The observed allele frequencies in this study matched reference allele frequencies better for EA than AA populations. Subjects from some populations from different geographic areas might have quite different admixture proportions and ancestral origins. This is demonstrably the case for African-Americans, since in different parts of the US the percent admixture from EAs is known to range at least from 12% to 23% . Another issue with LBM involves justification for the multiplication of allele frequencies across loci under the assumption of linkage equilibrium. If the allele frequencies of different STRs vary among subpopulations, then the loci are not in complete linkage equilibrium or are not statistically independent even if they are genetically unlinked. However, we did assume linkage equilibrium within the subpopulations. This is also an underlying assumption for STRUCTURE . This assumption might prove to be problematic under some circumstances, but the practical impact seemed minimal for the present study, as evidenced by the fact that LBM performed well.
The result from the single most informative marker, FY, could exceed 99% and 96% assignment accuracy in EAs and AAs, respectively. This result is, of course, sample-specific to some extent; AA subjects who are homozygous for the allele more characteristic of European ancestry (i.e., FY (+/+)), should have a population frequency of about 4%, given a 20% admixture rate from EA, and would be misclassified into the EA group if based only on this marker; this misclassification rate is equal to what we observed, about 4% in AAs. Likewise, EAs heterozygous for the FY(-) allele characteristic of AAs are observed as well, and they are liable to be misclassified as AAs. Our Northeastern US AA population had approximated the expected European admixture rate, based on the information from FY.
The sample size of the populations being assigned is not an issue for LBM, while it is for STRUCTURE. The Bayesian cluster approach taken by STRUCTURE requires building a likelihood function from the observed samples to infer allele frequencies, such that if the sample size is insufficient, the estimated allele frequencies might not be accurate. As a result, sample size in each subgroup affects the assignment accuracy, and our simulation result  shows that approximately fifty subjects are required to have stable assignment accuracy by STRUCTURE. LBM, in contrast, uses allele frequencies from the reference populations; there is no need to estimate allele frequencies by LBM. Thus, even a single individual can be assigned accurately using the LBM.
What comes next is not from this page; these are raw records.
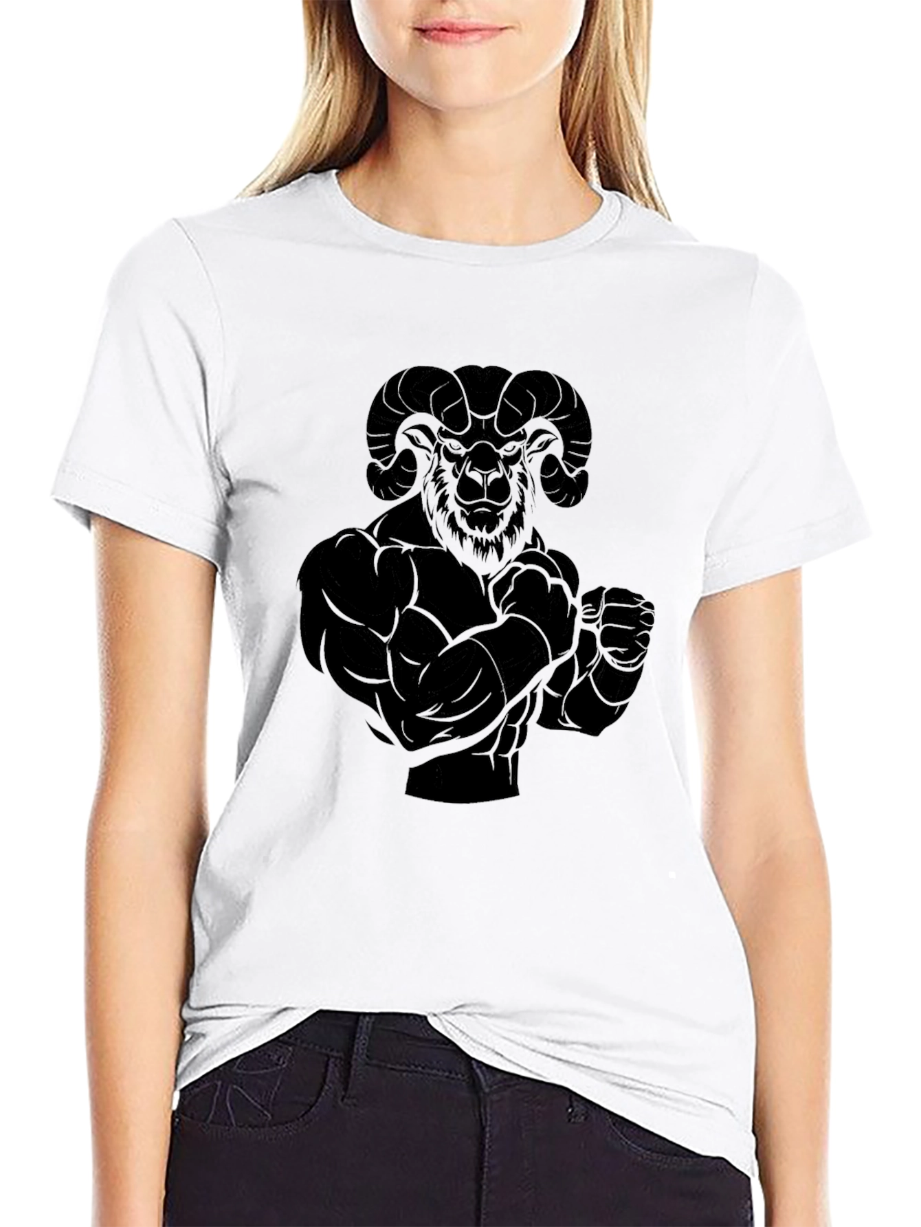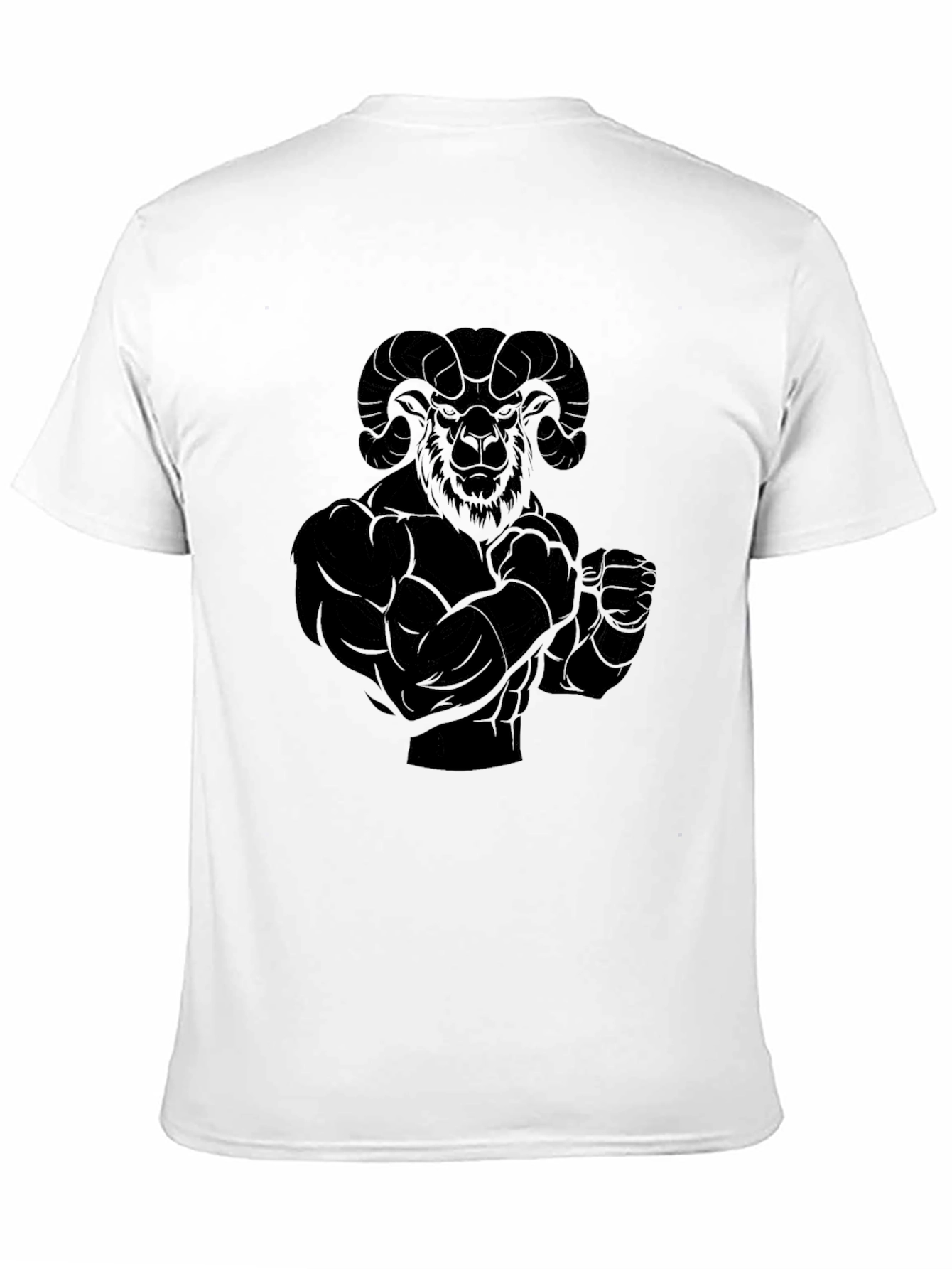 Show off your power with this bold black t-shirt. The design features a muscular ram graphic on the front, symbolizing strength and determination. This tee is perfect for workouts, casual outings, or making a statement wherever you go. Made from a comfortable, breathable fabric, this shirt is a must-have for anyone who wants to display a fierce, edgy style. Pair it with jeans or shorts for a cool, confident look.
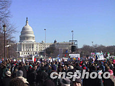 數(shù)萬美國人十八日中午聚集華盛頓的國會山前,舉行聲勢浩大的反戰(zhàn)示威游行,反對對伊拉克動(dòng)武。作者:余東暉
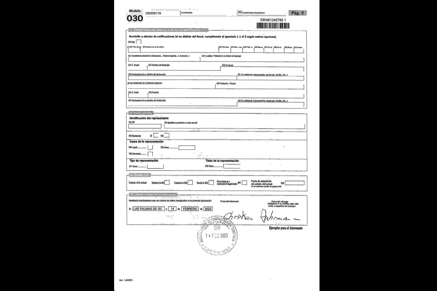 Wieder das gleiche Procedere: Ich zeige meinen vorbereiteten Text vor. Nun darf ich auch die NIE dazu tun. Und meinen Reisepass. Der Nächste hackt auf seiner Tastatur rum, deutet mir da zu bleiben. Verschwindet. Kommt wieder, hackt weiter. Ich muss eine Adresse in Spanien angeben. Puerto Muelle Deportivo nimmt er an, will aber noch den Liegeplatz wissen. Da improvisiere ich und sage Puerto pequino 4. Findet er toll. Wird so eingetragen. Verschwindet wieder, kommt mit 2 Zetteln wieder. Muss ich unterschreiben, bekomme einen in die Hand gedrückt und er nimmt wieder mein Tablet, dort habe ich ihm die Möglichkeit eingestellt, Spanisch einzugeben. Raus kommt:
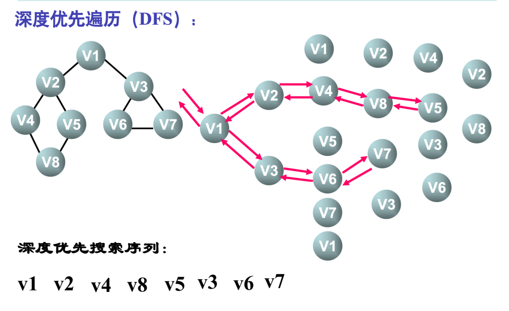 则从 \(v_2\) 出发进行搜索。依次类推,接着从 \(v_4, v_8 、v_5\) 出发进行搜索。在访问了 \(v_5\) 之后,由
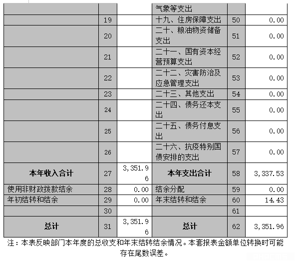 2020年度收支决算总计3351.96万元,较上年度增加3323.91万元,增长11.06%,较年初预算数增加28.06万元,增长0.93%。较上年增长的原因是宣传部强化项目资金管理,提高了项目预算的执行力。本年收支决算基本与年初预算持平。
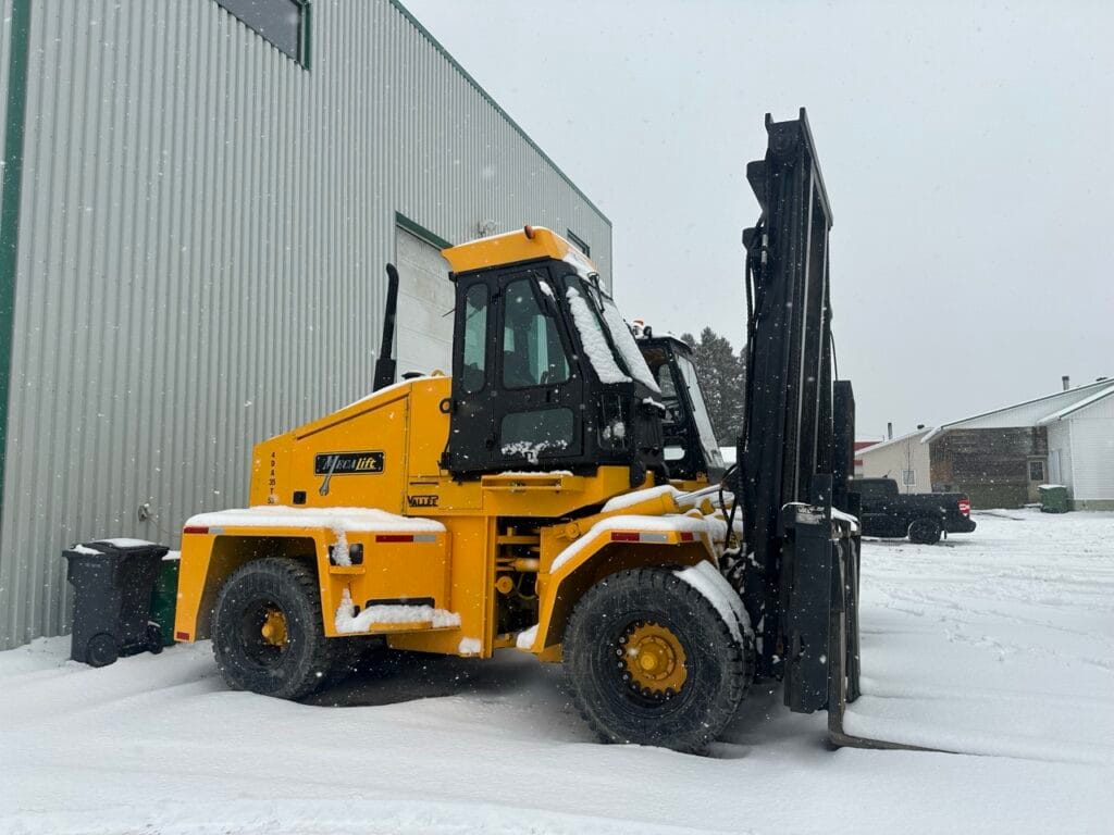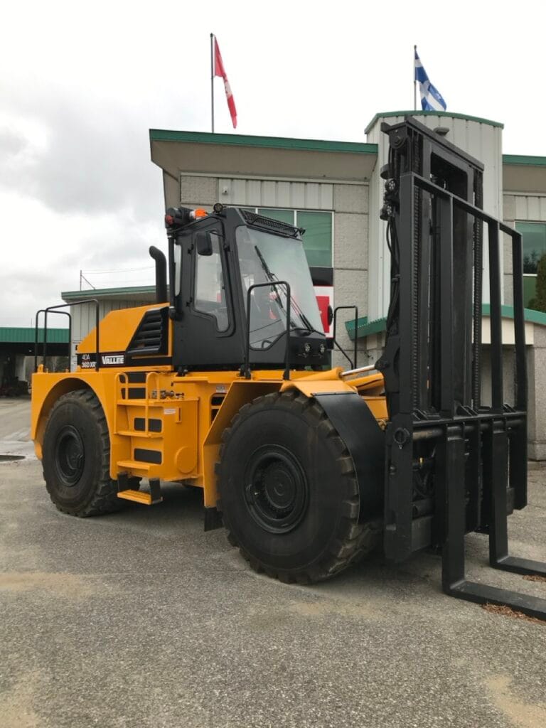The robustness and longevity of Vallée forklifts are the stuff of legend in the industry. Thanks to their four (4)-wheel drive, Vallée forklifts provide you with unparalleled performance on unpaved ground and sloped terrain. You can also make turns in narrower passageways than those required for traditional forklifts, thanks to the central articulation. What’s more, the design of the mast, combined with the design of the cab, will give you exceptional visibility from the end of the forks.
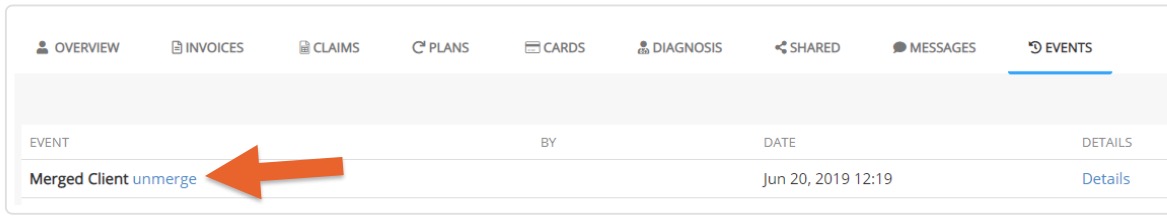 - Click the unmerge option to reverse the merge you performed and the client that was deleted will be restored, along with their data.
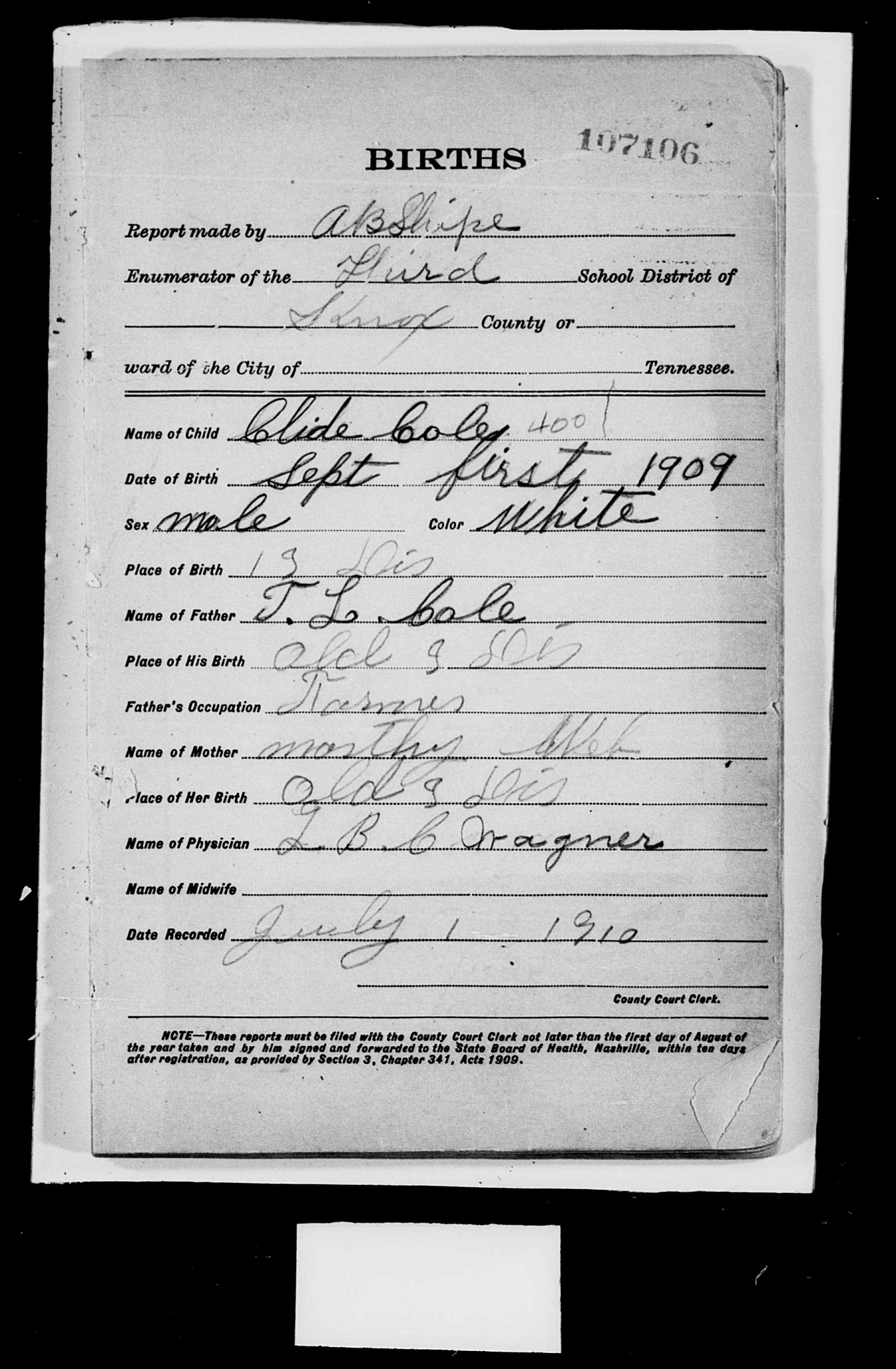 - [S2674] Death Certificate: Yadon, Bayard; Certificate 18852; Knox County, Tennessee, 1933; ancestry.com (Tennessee, Death Records, 1908-1958); viewed 18 May 2013.
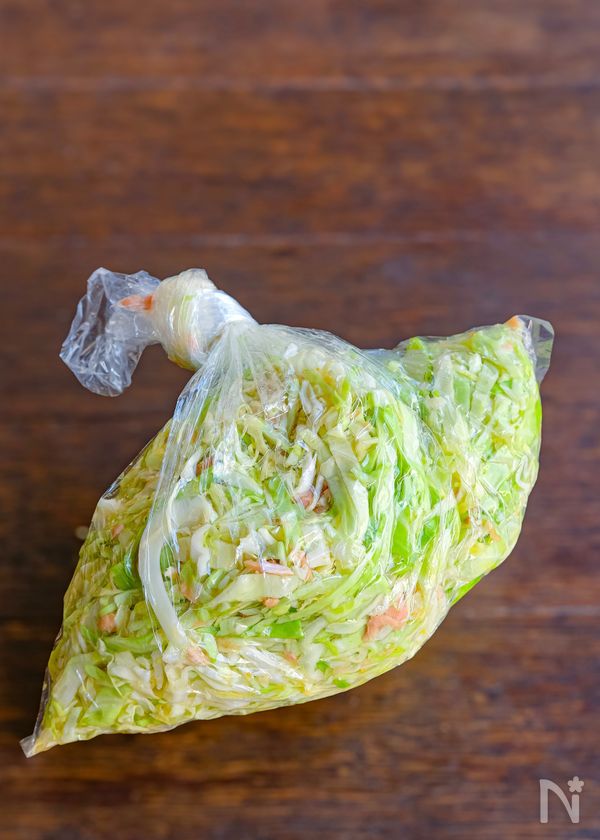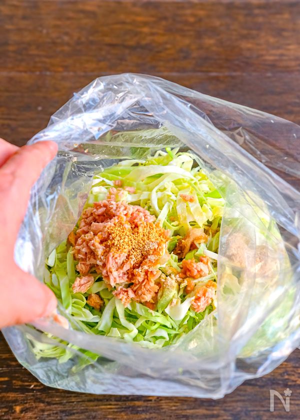 (1) きゃべつは細切りにしてポリ袋に入れ、【A】とツナ缶(オイル漬け)、ツナ缶のオイルも全部加えてよく揉み混ぜる。
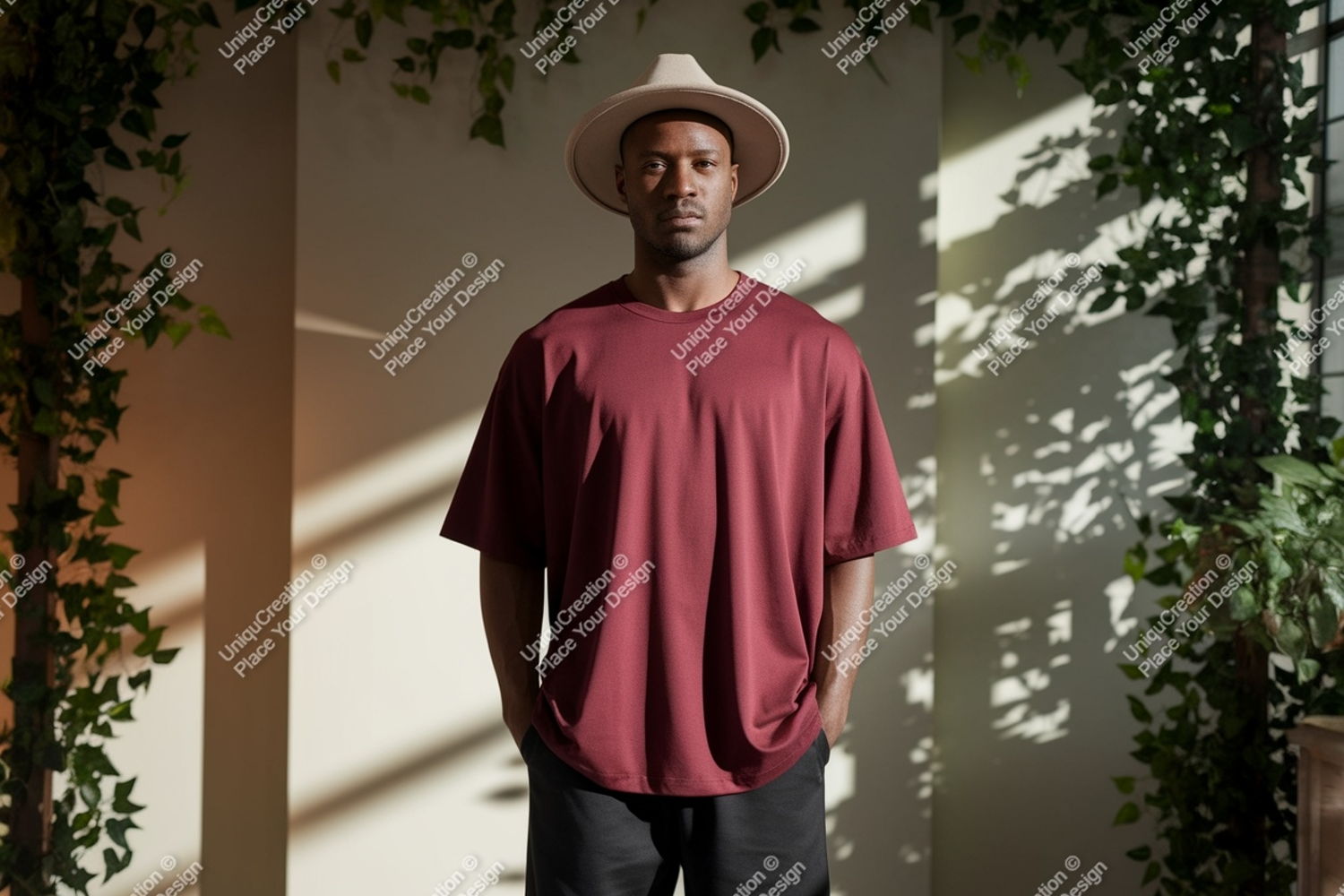 Man T-shirt Mockup Hat Plants Shadows Maroon
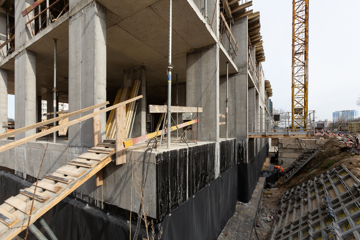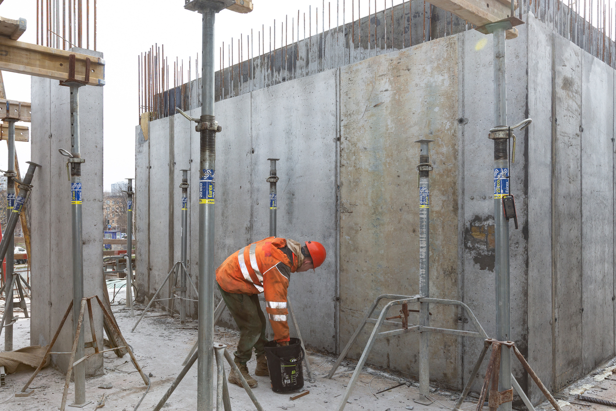 Завершено влаштування вертикальних та горизонтальних монолітних конструкцій каркаса до відмітки 0,000 секції 1, виконуються роботи з улаштування 2-го поверху.
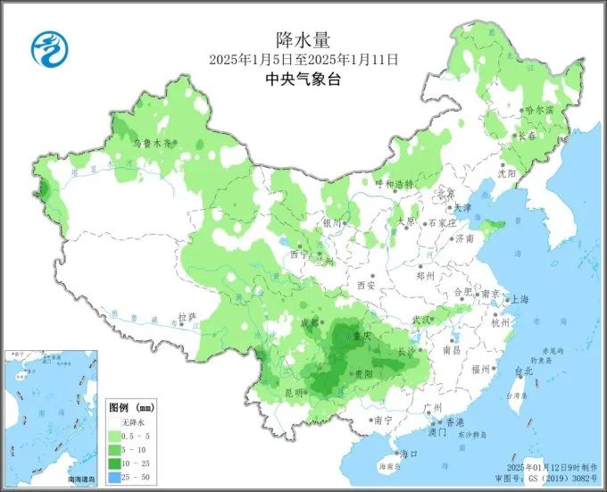 全國大部農區降水偏少或無降水,僅西南地區東部及江南西部有5至25毫米降水,新疆北部和東北地區中北部等地出現小到中雪、大部積雪深度有5至50釐米。

We conclude that assignment accuracy by LBM depends on the efficiency of the markers selected (FY alone can separate EAs and AAs with accuracy that can approach 99% for excluding AAs from a presumed EA sample), the number of markers (other things being equal, more markers produce higher assignment accuracy), and greatly on how representative the parental population reference allele frequencies are for the populations being queried.
Three hundred sixty-six individuals recruited in the Northeastern US (classified as 282 EAs, 84 AAs) were studied. These individuals were selected from a larger sample for evaluation of this likelihood based method because they had complete marker data for all markers described below. All subjects provided informed consent as approved by the appropriate institutional review boards.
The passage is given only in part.